Def test_main (): train_df = pd.read_csv (". / data/train_set.csv", sep='\ THNWSS200000) train = train_df.iloc [0VH 150000:] test = train_df.iloc [15000000 test_seq_mat,test_y:] val = train_df.iloc [1800000 test_seq_mat,test_y (test) Confm = test_file (test_seq_mat,test_y,train) Val) plot_fig (Confm)

After obtaining the selection of the parameters with the highest prediction results, we train the whole train_set file as follows. Before training, we need to delete the existing training file (h6). The test line in this function can be selected at will, just to satisfy the sufficient variables of the test_file () function. This function is only used to train and store the data with the best learning results.

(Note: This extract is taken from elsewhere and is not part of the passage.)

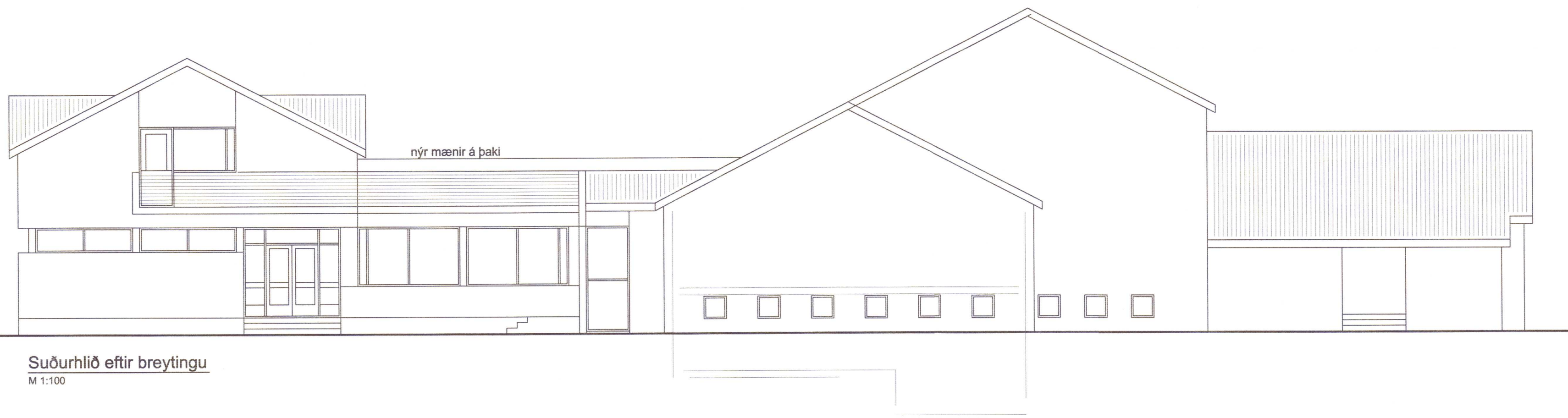
Suðurhlið eftir breytingu M 1:100

Def train (): train_df = pd.read_csv (". / data/train_set.csv", sep='\ tbrush test_seq_mat,test_y 200000) train = train_df.iloc [0pd.read_csv 1700000 Confm:] test = train_df.iloc [014000 Confm:] val = train_df.iloc [1700000 Confm = test_file (test_seq_mat,test_y,train,val) plot_fig (Confm)

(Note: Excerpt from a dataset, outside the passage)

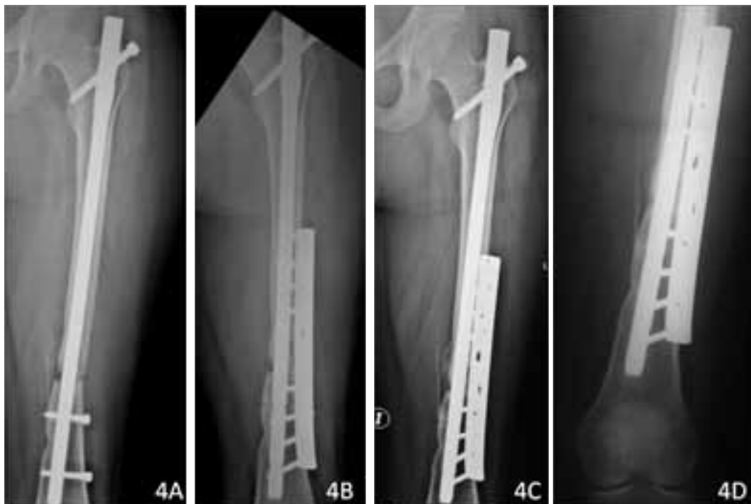
Figura 4. 4A: Radiografía anterolateral de una mujer de 20 años (Caso N°8) con no unión atrófica de fémur. Inicialmente le colocaron un clavo endomedular bloqueado sin fresado y a cielo abierto. 4B: A los 12 meses le colocaron una placa lateral a fin de mejorar la estabilidad. 4C: Por persistencia de la no unión se colocó injerto óseo enriquecido con plasma rico en plaquetas manteniendo los sistemas de fijación. 4D: Radiografía control a las 20 semanas de colocado el injerto enriquecido con plasma rico en plaquetas muestra consolidación completa.
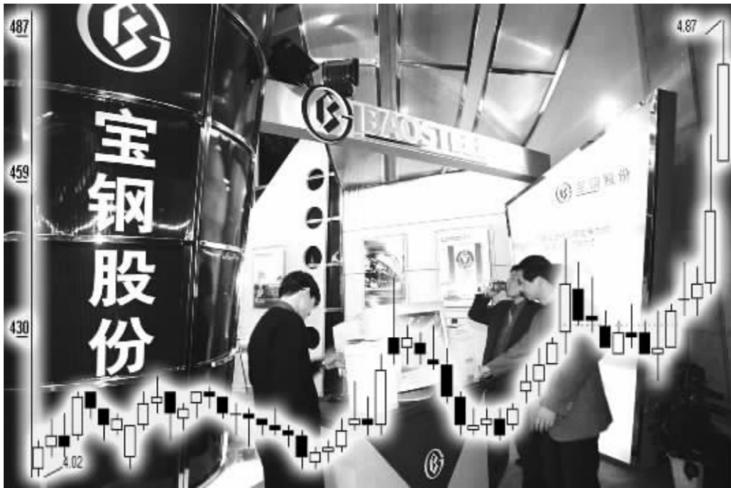
绩优钢铁股开始领涨 徐汇资料图 张大伟制图

钢铁股近阶段的强劲表现,与钢铁股普遍低估值形成的“洼地效应”有关。资料显示,在本轮长达一年多的牛市中,钢铁板块表现一直较为滞后,部分品种长期处于底部。但从牛市的运行规律来看,板块轮动几乎是永恒的特征,因此,钢铁股长期没表现,似乎正预示着投资机会所在。在部分钢厂

After getting the best training data, we can start to predict. We bring the test set provided in the competition into the model, load the stored training set to predict, and get the prediction matrix. Then convert the maximum value of each row in the prediction matrix into the corresponding label, store it in the output list, and finally write the list into the 'test_DL.csv' file and upload it. (the csv file generated in this way is the same as the previous model, and the first column needs to be manually opened and deleted)

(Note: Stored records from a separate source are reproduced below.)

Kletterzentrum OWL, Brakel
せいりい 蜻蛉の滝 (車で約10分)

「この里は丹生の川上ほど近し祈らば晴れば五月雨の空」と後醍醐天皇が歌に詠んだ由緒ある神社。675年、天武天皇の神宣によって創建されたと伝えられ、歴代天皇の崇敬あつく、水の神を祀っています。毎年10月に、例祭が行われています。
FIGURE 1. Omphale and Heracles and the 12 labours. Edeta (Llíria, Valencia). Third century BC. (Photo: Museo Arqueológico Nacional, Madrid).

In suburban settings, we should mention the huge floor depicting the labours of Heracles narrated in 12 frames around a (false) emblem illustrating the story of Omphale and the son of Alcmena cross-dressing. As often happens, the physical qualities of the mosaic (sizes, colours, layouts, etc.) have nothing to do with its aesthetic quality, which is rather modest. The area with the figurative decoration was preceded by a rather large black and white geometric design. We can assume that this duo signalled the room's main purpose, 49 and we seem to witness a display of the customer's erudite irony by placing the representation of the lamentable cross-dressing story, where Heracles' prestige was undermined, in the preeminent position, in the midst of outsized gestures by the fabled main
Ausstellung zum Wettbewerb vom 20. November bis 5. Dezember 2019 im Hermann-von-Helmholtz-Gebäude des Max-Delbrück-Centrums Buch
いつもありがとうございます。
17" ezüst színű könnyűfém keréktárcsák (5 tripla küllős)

Def pred_file (): test_df = pd.read_csv ('. / data/test_a.csv') test_seq_mat = sequence.pad_sequences ([i.split ('') for i in tqdm (test_df ['text'])], maxlen=max_len) inputs = Input (name='inputs',shape= [max _ len]) # # Embedding (glossary size, batch size, word length of each news) layer = Embedding (max_words+1128 Input_length=max_len) (inputs) layer = LSTM (layer) layer = Dense (128 layer = "relu", name= "FC1") (layer) layer = Dropout (0. 5) (layer) layer = Dense (14) name= "FC2") (layer) model = Model (inputs=inputs,outputs=layer) model.summary () model.compile (loss= "categorical_crossentropy", optimizer=rmsprop_v2.RMSprop () Metrics= ["accuracy"]) model = load_model ('my_model.h6') test_pre = model.predict (test_seq_mat) pred_result = [i.tolist () .index (max (i.tolist ()) for i in test_pre] res=pd.DataFrame () res [' label'] = pred_result res.to_csv ('test_DL.csv')

After finishing, we only need to comment out the corresponding instruction line to train or predict.

# if you want to train, cancel the downline comments, delete the original training file (.h6) # train () # if you want to see the model effect, cancel the downline comments (training set: test set: test set = 15:2:3) # test_main () # if you want to predict and generate the csv file, cancel the downline comment # pred_file () 3. Result analysis

The resulting confusion matrix is shown in the following figure. The prediction accuracy of 14 tags is more than 80%, 11 tags are more than 90%, and 6 tags are more than 95%.

The prediction results drawn are shown in the following figure, which shows that the prediction effect is quite ideal, the accuracy of each label is particularly considerable, and the number of wrong texts is very small compared to the total amount.

Finally, the result of uploading the website shows that the F1 value is more than 90%, and the effect is good.

The above is all the content of the article "how Python achieves news text classification through naive Bayes and LSTM respectively". Thank you for reading! Hope to share the content to help you, more related knowledge, welcome to follow the industry information channel!

Welcome to subscribe "Shulou Technology Information " to get latest news, interesting things and hot topics in the IT industry, and controls the hottest and latest Internet news, technology news and IT industry trends.

*The comments in the above article only represent the author's personal views and do not represent the views and positions of this website. If you have more insights, please feel free to contribute and share.